米財務省が、建国250周年を記念してトランプ大統領の肖像入りの250ドル紙幣の発行を推進している。米国では現行法上、生存人物を紙幣に描くことは禁止されている。関連法改正案が連邦議会で係留中の中、トランプ政権が無理な「大統領持ち上げ」に乗り出したとの批判が出ている。
米紙ワシントン・ポストは28日(現地時間)、「トランプ政権の政務職幹部らが、トランプ大統領の顔が描かれた250ドル紙幣の発行を推進している」と、前・現職関係者の話として報じた。同紙が入手したデザイン案によると、中央にトランプ氏の顔が描かれ、両脇には大統領とベッセント財務長官の署名が入っていた。試作品の肖像は、昨年1月に公開された第2次政権初の公式写真のように、厳しい表情を浮かべていた。

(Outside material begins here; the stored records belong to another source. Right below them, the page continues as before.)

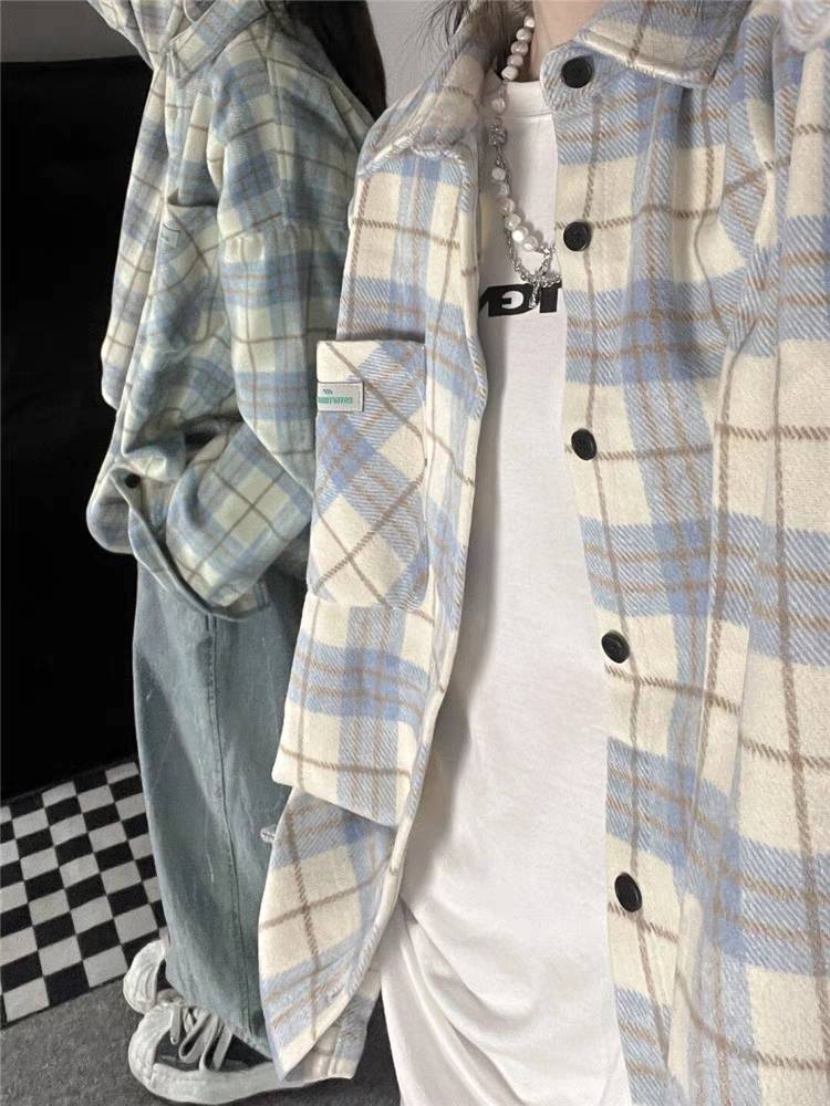 长袖格子衬衫外套春秋季复古设计感宽松衬衣上衣
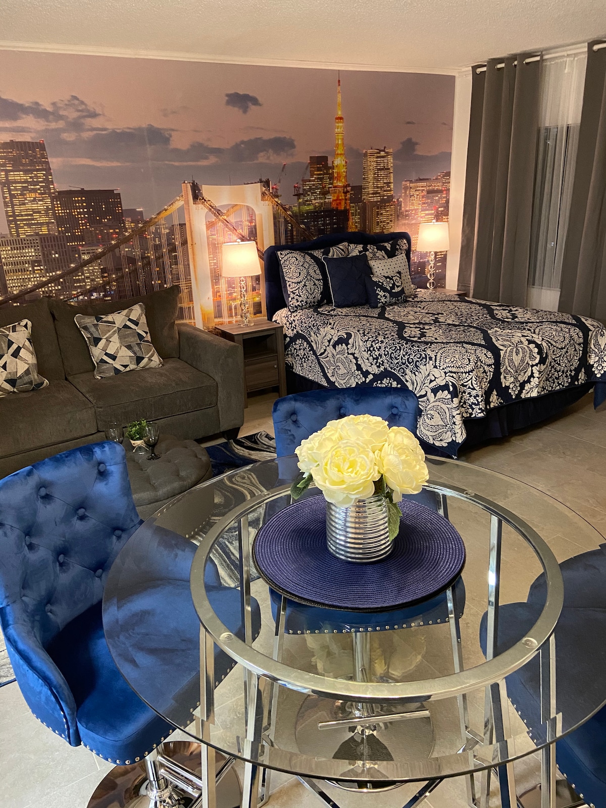 We are sure that you will fall in love with our STUDIO! Beautiful, Romantic and incredible lake view Studio!! King side bed and sofabed. Enjoy a LARGE PRIVATE TERRACE. Enjoy the jacuzzi bathtub. Our Studio is located one block from the famous International Dr. In Orlando City. In the center of everything!! Universal Studio’s area FREE PARKING. Universal Studios and Epic 8 minutes. Disney park’s 10 to 15 minutes. Airport 15 minutes, Seaworld Park’s 8 minutes WE HAVE BEEN SUPER HOSTS FOR 11 YEARS.
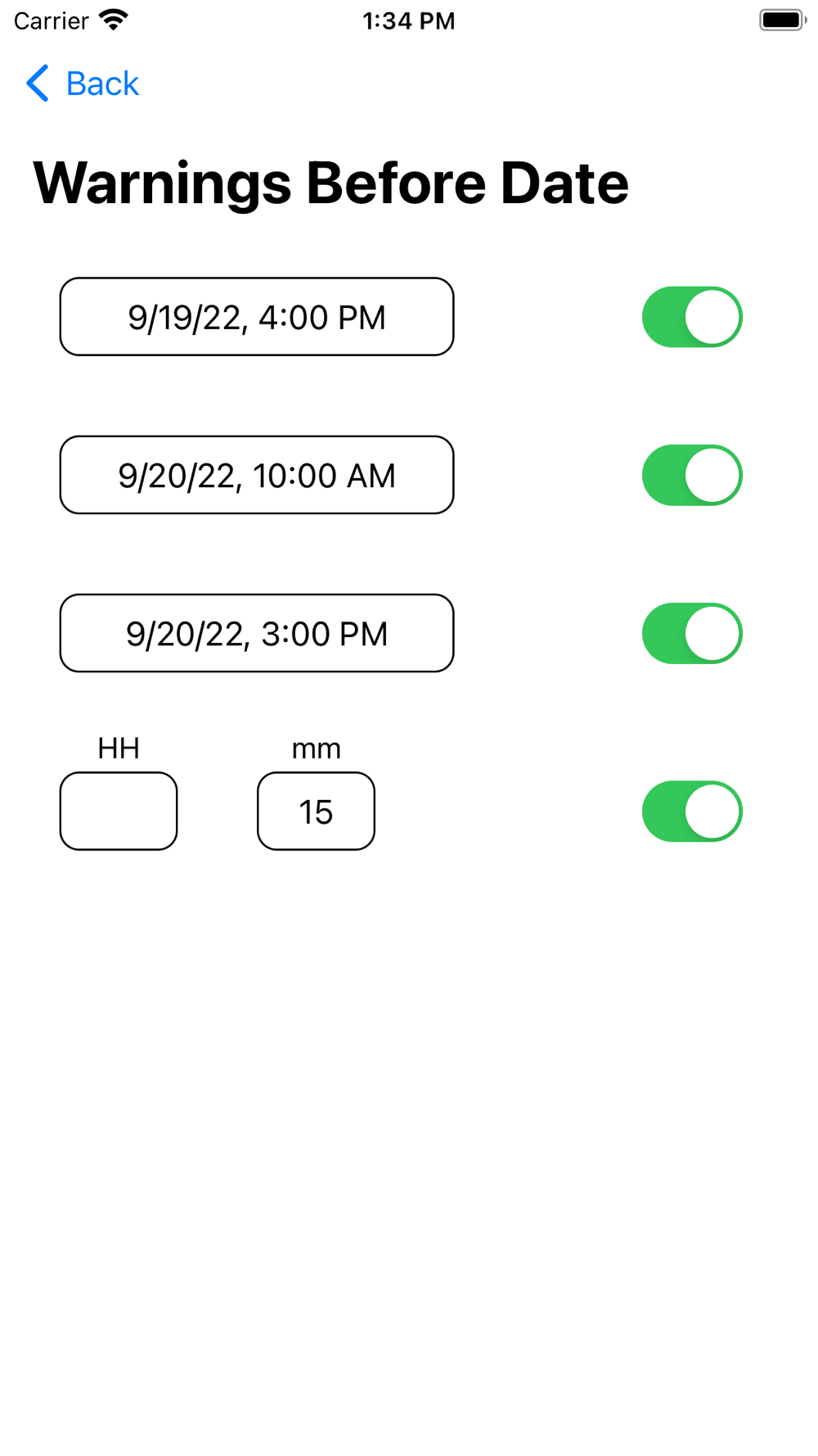 In addition to warning at the desired date and time, RemBefore can notify the day before, six hours before, or until an hour before the event. In addition to the predefined times, you can also determine another one of your choice.
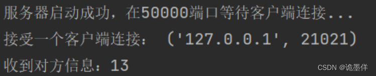 print(f'服务端启动成功,在{PORT}端口等待客户端连接...')
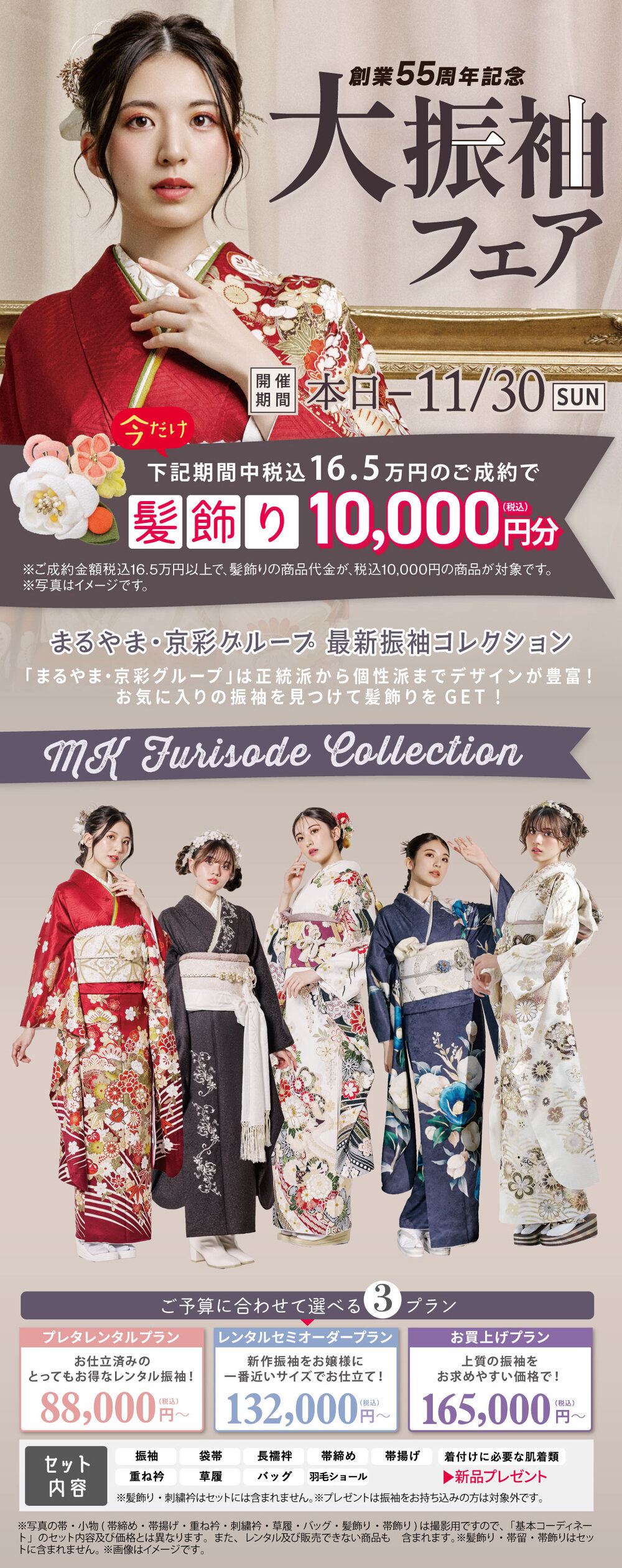きもの京彩振袖イベント創業55周年記念「大振袖フェア」本日から11/30(日)まで開催中!
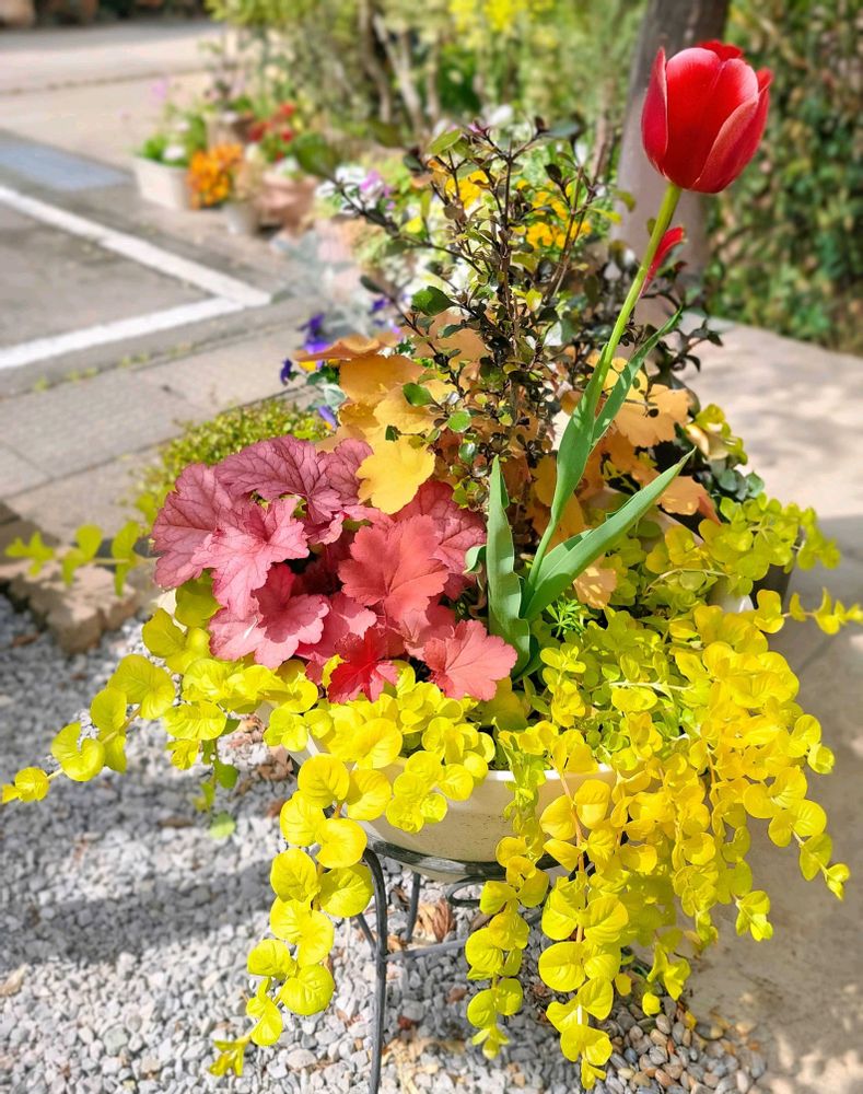 ①暖かくなってリシマキアオーレアの黄色が眩しい✨️
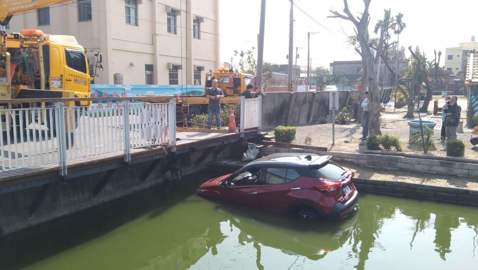 李姓女駕駛和先生隨即通報拖吊車前來,將掉落景觀池的車輛吊起,幸好這起事故未造成任何受傷,只是該對夫妻花沒賞到車就先泡湯,先生說,人沒事就好。
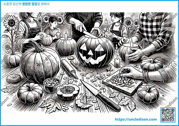 - 테이블에 모여 호박을 조각하는 즐거운 모습
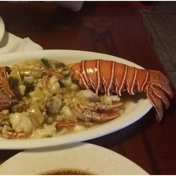 海鲜大餐真的是无比的便宜!我们这一顿下来好像才合人民币400来块钱清蒸石斑鱼、龙虾、螺肉、面包果
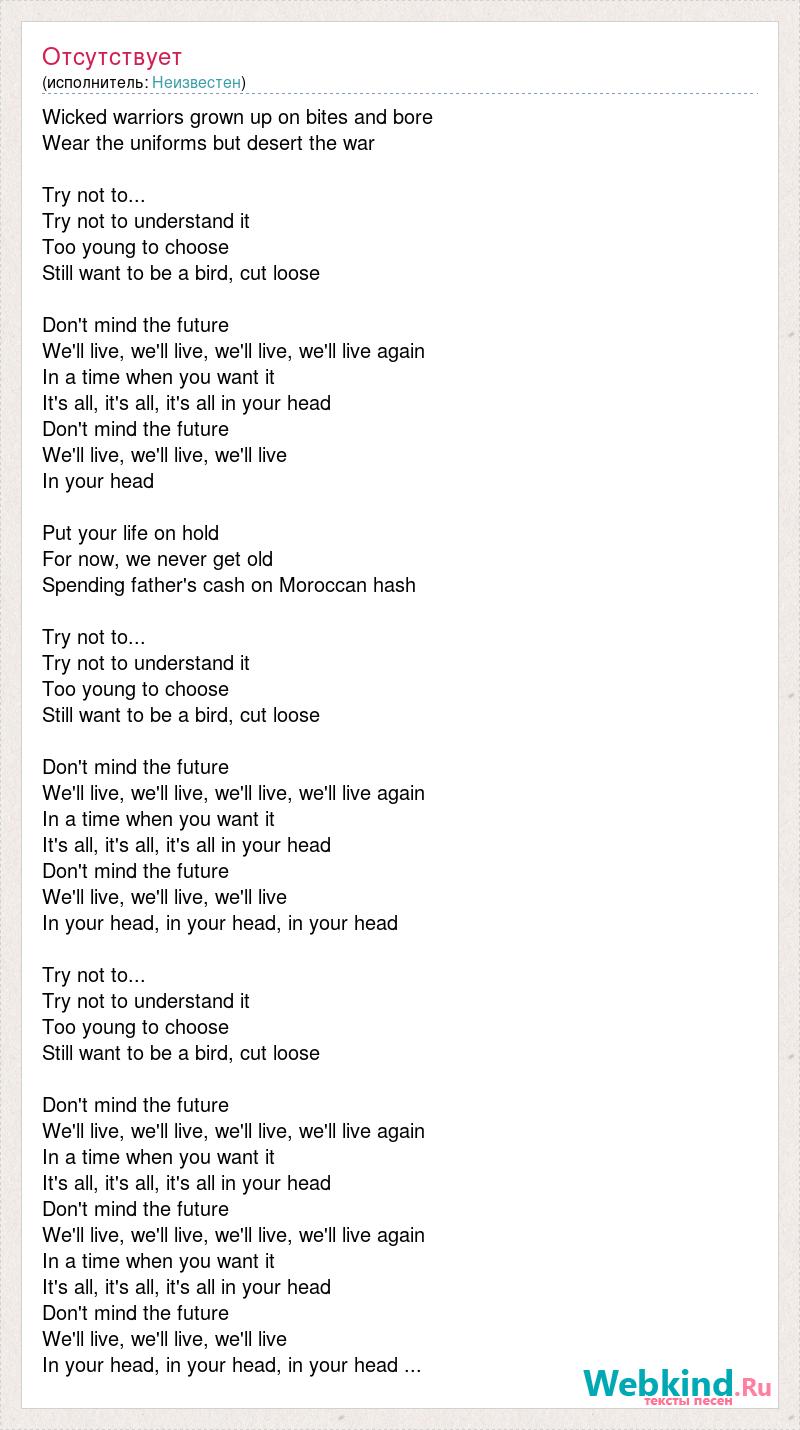 Wicked warriors grown up on bites and bore Wear the uniforms but desert the war Try not to... Try not to understand it Too young to choose Still want to be a bird, cut loose Don't mind the future We'll live, we'll live, we'll live, we'll live again In a time when you want it It's all, it's all, it's all in your head Don't mind the future We'll live, we'll live, we'll live In your head Put your life on hold For now, we never get old Spending father's cash on Moroccan hash Try not to... Try not to understand it Too young to choose Still want to be a bird, cut loose Don't mind the future We'll live, we'll live, we'll live, we'll live again In a time when you want it It's all, it's all, it's all in your head Don't mind the future We'll live, we'll live, we'll live In your head, in your head, in your head Try not to... Try not to understand it Too young to choose Still want to be a bird, cut loose Don't mind the future We'll live, we'll live, we'll live, we'll live again In a time when you want it It's all, it's all, it's all in your head Don't mind the future We'll live, we'll live, we'll live, we'll live again In a time when you want it It's all, it's all, it's all in your head Don't mind the future We'll live, we'll live, we'll live In your head, in your head, in your head ...

同紙によると、250ドル紙幣計画は財務官のビーチ氏と、同氏の首席補佐官を務めるブラウン氏が主導している。ビーチ氏は、英国人画家イアン・アレクサンダー氏に依頼して制作したデザイン案を、昨年8月に財務省傘下の連邦印刷局(BEP)へ初めて提出したとされる。アレクサンダー氏は「トランプ大統領と直接やり取りしている」とし、トランプ氏の提案をデザインに反映したと語った。
問題は、米現行法上、紙幣には死亡した人物しか描かれないという点だ。また、財務省が発行できる紙幣の額面も法律で定められており、250ドルは含まれていない。このため昨年2月、「ドナルド・トランプ250ドル法案」が連邦下院へ提出されたが、現在も係留状態となっている。現時点で、当該紙幣発行の法的根拠はない状況だ。
適切な偽造防止技術を施した紙幣発行には、数年の開発期間が必要な点も障害となっている。偽造防止技術を大幅に強化して2013年に発行された新100ドル札は、デザインと開発に10年以上を要した。
こうした中、連邦印刷局内部からも反発が出ているという。ビーチ氏と衝突した連邦印刷局のソリメネ局長が先月、別部署へ異動となったことを巡り、報復人事との疑惑も浮上した。
議論が広がる中、ベッセント氏は同日の会見で、「現職大統領の顔が描かれた250ドル紙幣を発行し、建国250周年を記念することに不適切な要素はない」と述べ、関連法案の議会通過を求めた。